• [THE RECORDS]
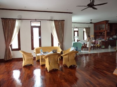 New house for rent near Daokham hotel and large garden.It is suitable for office or running business.It is far from Wattay airport about 1km.
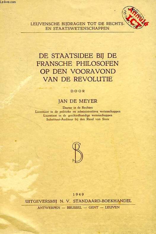 Antwerpen, Standaard-Boekhandel 1949 xix + 368pp., in de reeks "Leuvense bijdragen tot de rechts- en staatswetenschappen", 24cm.
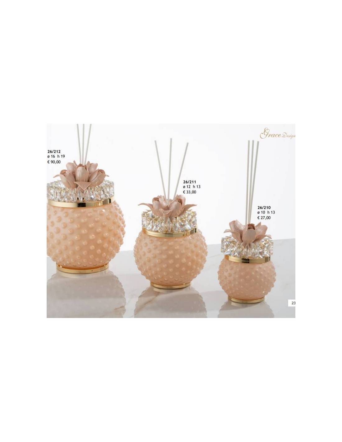 Portagioie bomboniera forma cilindrica design raffinato ed elegante in cristallo con dettagli dorati e fiore su coperchio.
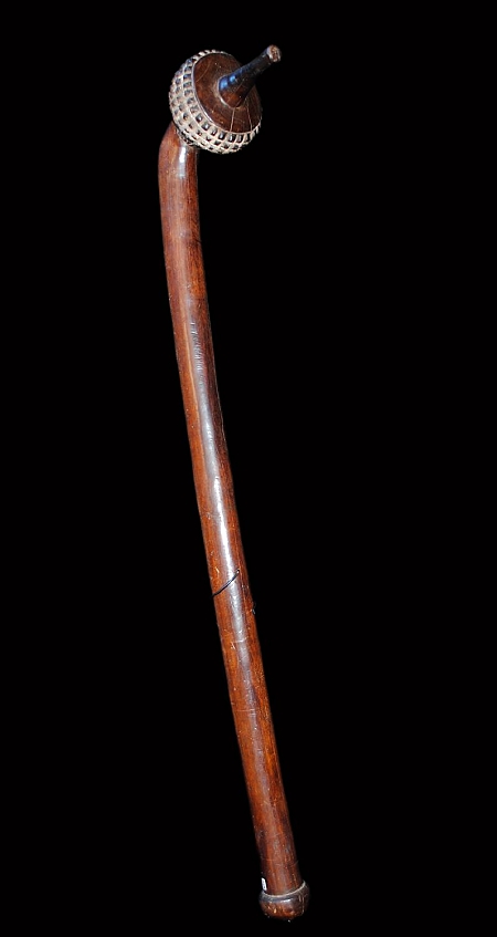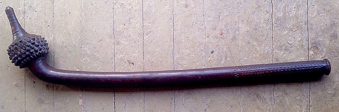 I recently acquired several clubs; among these is what I believe to be a Fijian KiaKavo Club. These have been referred to by some as a "Dance Club," however this one is so massive & heavy that is not conducive to dancing; it measures 38" long and it has a 7" circumference on the smallest part of the handle.
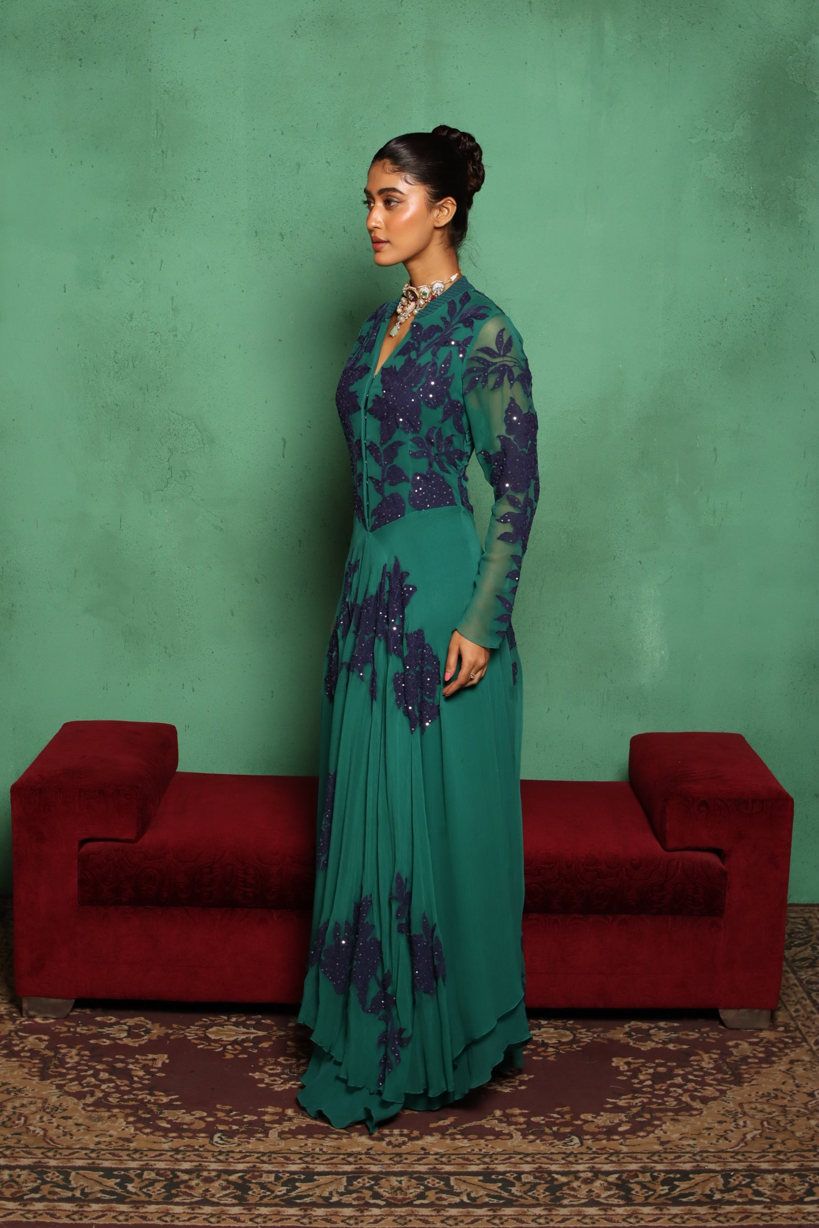 Emerald Dreams & Floral Schemes! This Unique Bias-Cut Dress Features Exquisite Floral Patchwork, Creating A Truly One-Of-A-Kind Masterpiece. Feel The Artistry In Every Twirl.

• [EXERCISE AIM] The lines from the one with "Antwerpen, Standaard-Boekhandel 1949" to the end of the data above should be retyped exactly, both ends included, and pictures are to be left out.

• [ANSWER TO THIS EXERCISE]
 Antwerpen, Standaard-Boekhandel 1949 xix + 368pp., in de reeks "Leuvense bijdragen tot de rechts- en staatswetenschappen", 24cm.
 Portagioie bomboniera forma cilindrica design raffinato ed elegante in cristallo con dettagli dorati e fiore su coperchio.
 I recently acquired several clubs; among these is what I believe to be a Fijian KiaKavo Club. These have been referred to by some as a "Dance Club," however this one is so massive & heavy that is not conducive to dancing; it measures 38" long and it has a 7" circumference on the smallest part of the handle.
 Emerald Dreams & Floral Schemes! This Unique Bias-Cut Dress Features Exquisite Floral Patchwork, Creating A Truly One-Of-A-Kind Masterpiece. Feel The Artistry In Every Twirl.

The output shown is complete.